#### Supplied records ####

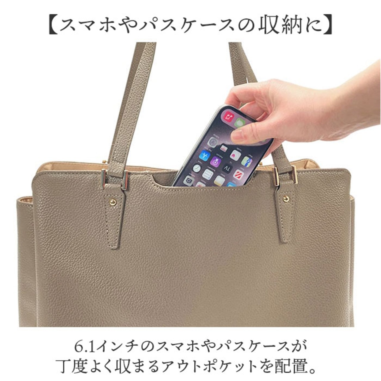 ・6.1インチのスマホやパスケースが丁度よく収まるアウトポケットを配置。
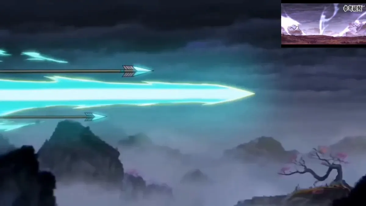 提示词: 帮我根据下面的小说剧情要求生成动漫,将画风动作打斗表现严格对齐 @视频1 的风格。 剧情要求为: 第三支箭离开大瑶山。一粒光点从本尊身上跃出,附着于「桃都」之上,以剑遁之术破空飞遁。第三支箭瞬息即至烂桃山。 道士屈指一弹,弹出两道蝌蚪光点,一黑一白,两者交织飞旋,化作一个太极图,太极图外再生八卦,化作一个八角八卦镜框的圆心铜镜。仙镜飞出烂桃山,迸发神光,拦在巨箭之前。 箭锋顿时停滞。 但见这支神箭止住之后,在那团浓郁的幽碧色飞虹尾迹中,还有一支箭!第四支箭藏在了第三支箭的飞虹尾迹中….
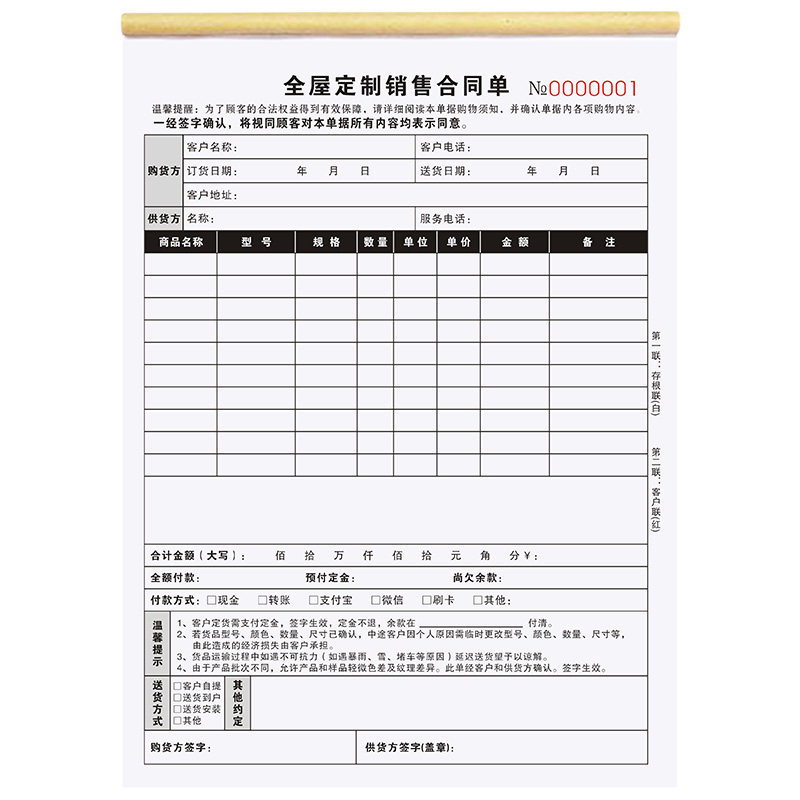 全屋定制销售单家具衣柜订购合同定做窗帘测量订单本橱柜收据木门开单定货本装修预算报价单安装服务单订货单
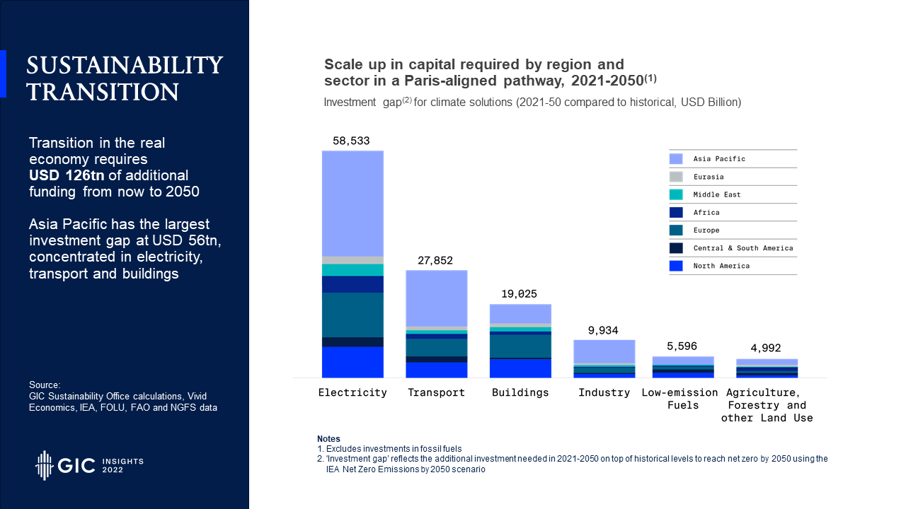 • The role of climate finance was front and centre at COP27. Based on the IEA’s “Net Zero Emissions by 2050” scenario, transition in the real economy will require an additional US$126 trillion from now until 2050, and almost half of this money is needed in Asia-Pacific.
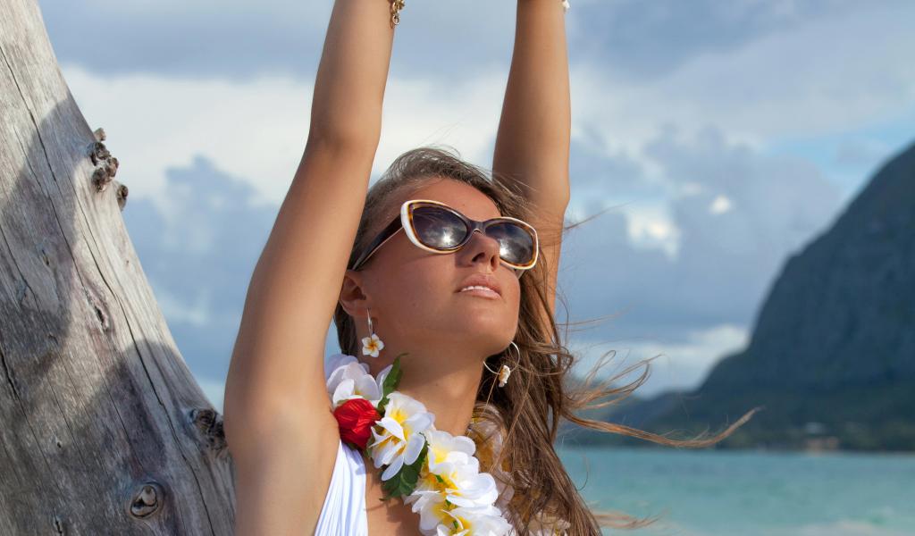» Wallpaper Beautiful girl in glasses at the resort
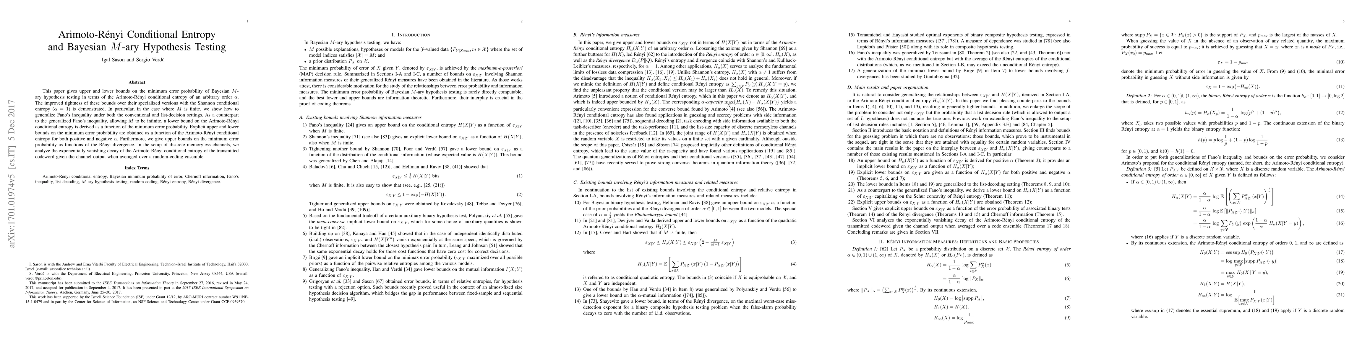 This paper establishes upper and lower bounds on the minimum error probability for Bayesian $M$-ary hypothesis testing using the Arimoto-Rényi conditional entropy, demonstrating improved bounds compared to Shannon entropy. It generalizes Fano's inequality for finite $M$ and provides a lower bound for infinite $M$ in terms of the Arimoto-Rényi entropy.
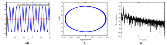 In order to better observe the dynamical behavior of the pipe after flutter instability, we further calculated the time history curve of the pipe with ξd = 0.3 and u = 7.8, as shown in Figure 7a. It is noted that the pipe vibrates periodically, but the vibration amplitude of the pipe with the dry friction constraint is much smaller than that of the pipe without dry friction, again, showing that the application of dry friction restraint can suppress the vibration of the pipe. The phase portrait and power spectral density (PSD) curve of the pipe with dry friction at this flow velocity are given in Figure 7b and Figure 7c, respectively. The phase portrait is shown as an ellipse-like shape. It is noted that the phase portrait of Figure 7b is not a strictly periodic motion. This is because that the maximum displacements of the pipe in this case might fluctuate slightly, resulting in a relatively disordered PSD curve. However, since the fluctuation of the displacement of the pipe is relatively small, the pipe may be still considered to be in a periodic-like motion.
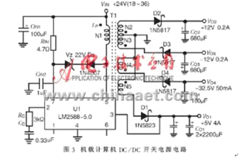 U1為控制器LM2588-5.0。脈沖變壓器T1共有五個繞組:N1為初級繞組,N2、N3、N4、N5為次級繞組,分別對應(yīng)輸出+12V@0.2A、-12V@0.2A、-32.5V@0.05A以及+5V@4A,且N2、N3圈數(shù)相同。
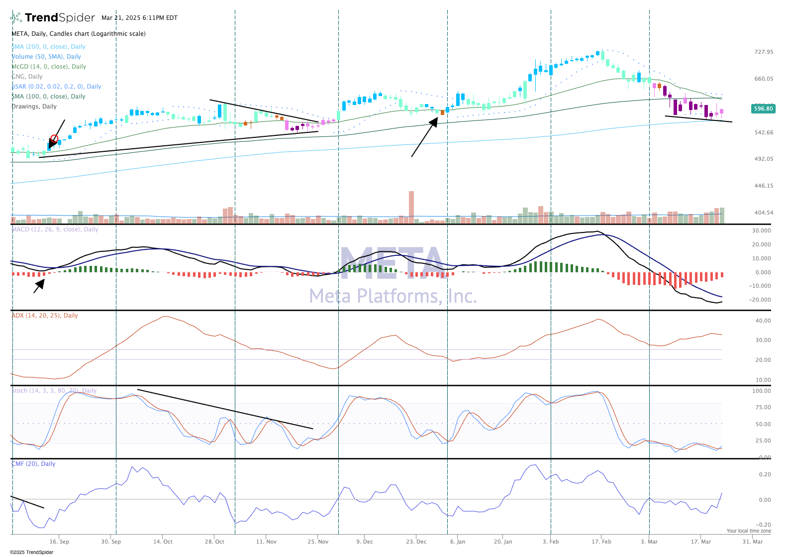Not breaking the 200-day moving average around the $580-$575 level, while likely stymied at the 100-day moving average level around $622. That would frustrate everyone, but build the base that could be the launch point for Meta in the next timeframe.
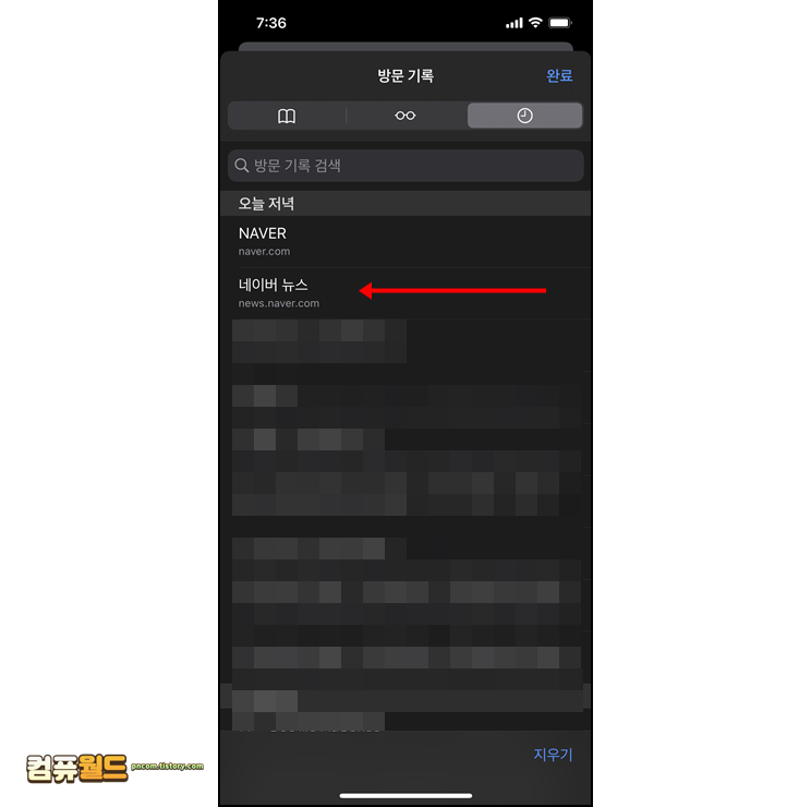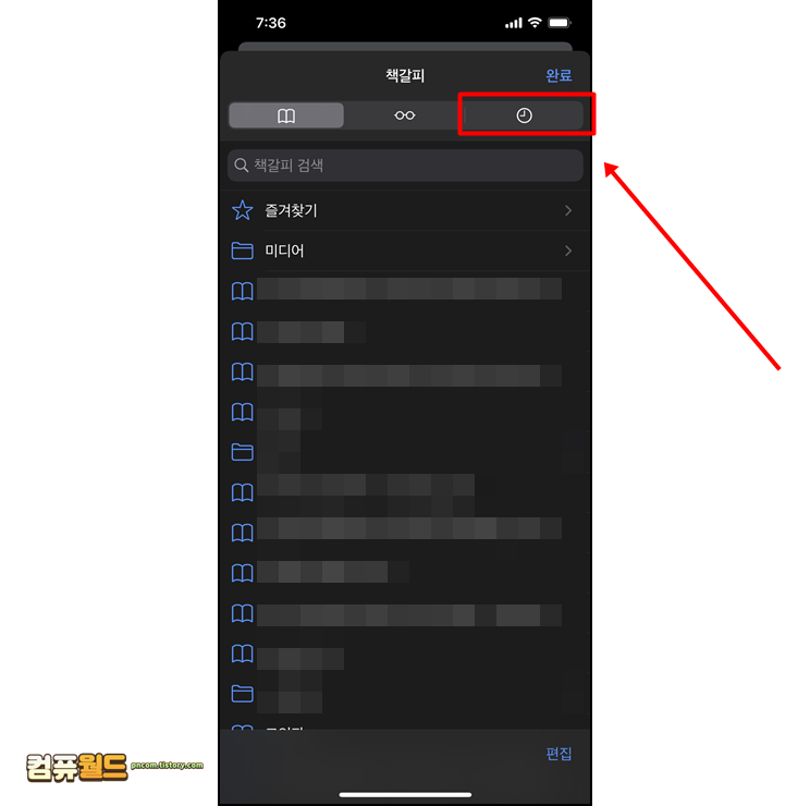 2. 상단 탭 메뉴에서 시계 모양의 방문 기록 메뉴를 누릅니다. (각각, 책갈피, 읽기 목록, 방문 기록)
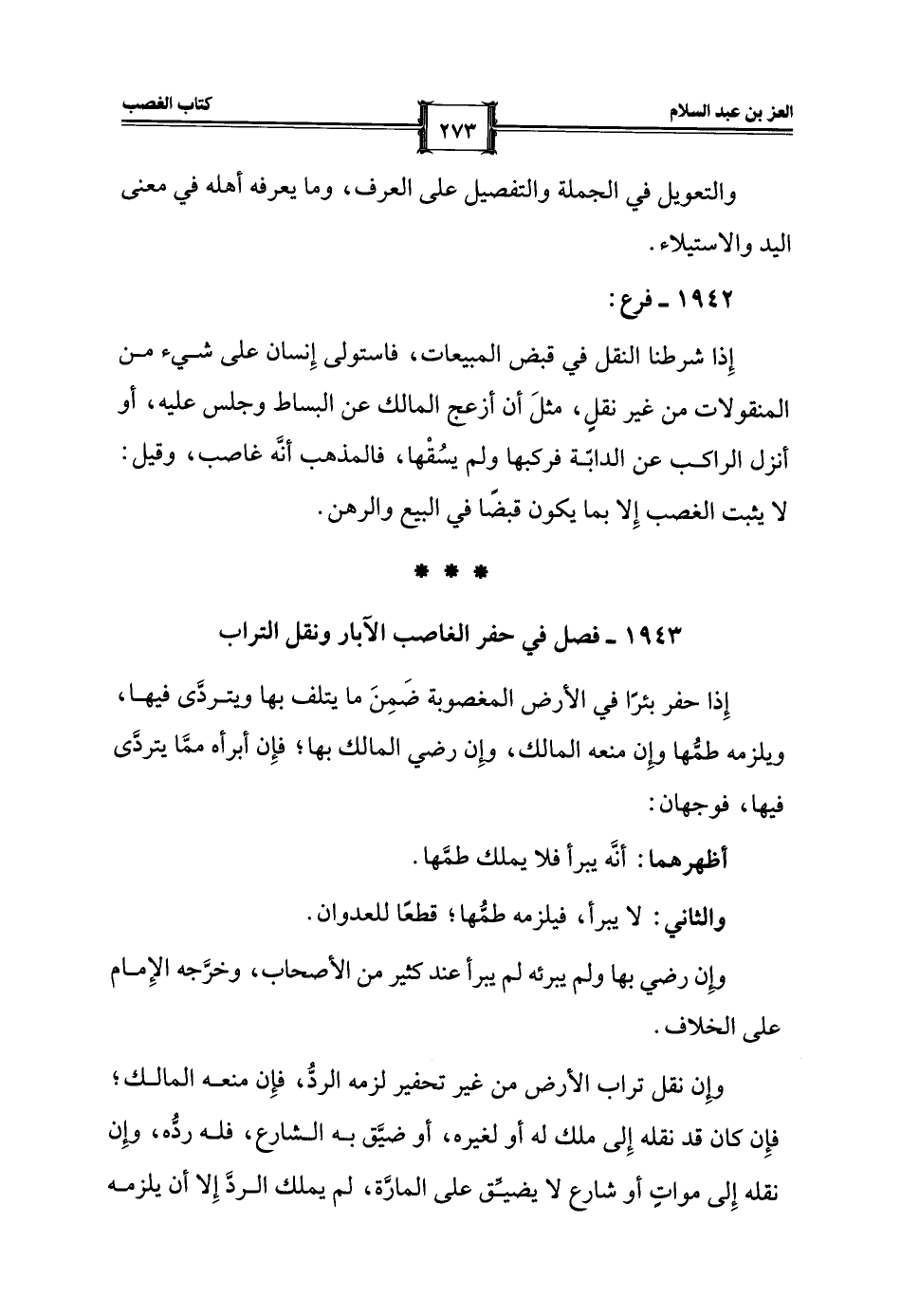 1943 - فصل في حفر الغاصب الآبار ونقل التراب

####

▶ **Task objective**
Look above for the line with "全屋定制销售单家具衣柜订购合" and the line with "needed in Asia-Pacific.". Give again exactly those two lines and all lines between them, pictures excluded.

▶ **Written reply**
 全屋定制销售单家具衣柜订购合同定做窗帘测量订单本橱柜收据木门开单定货本装修预算报价单安装服务单订货单
 • The role of climate finance was front and centre at COP27. Based on the IEA’s “Net Zero Emissions by 2050” scenario, transition in the real economy will require an additional US$126 trillion from now until 2050, and almost half of this money is needed in Asia-Pacific.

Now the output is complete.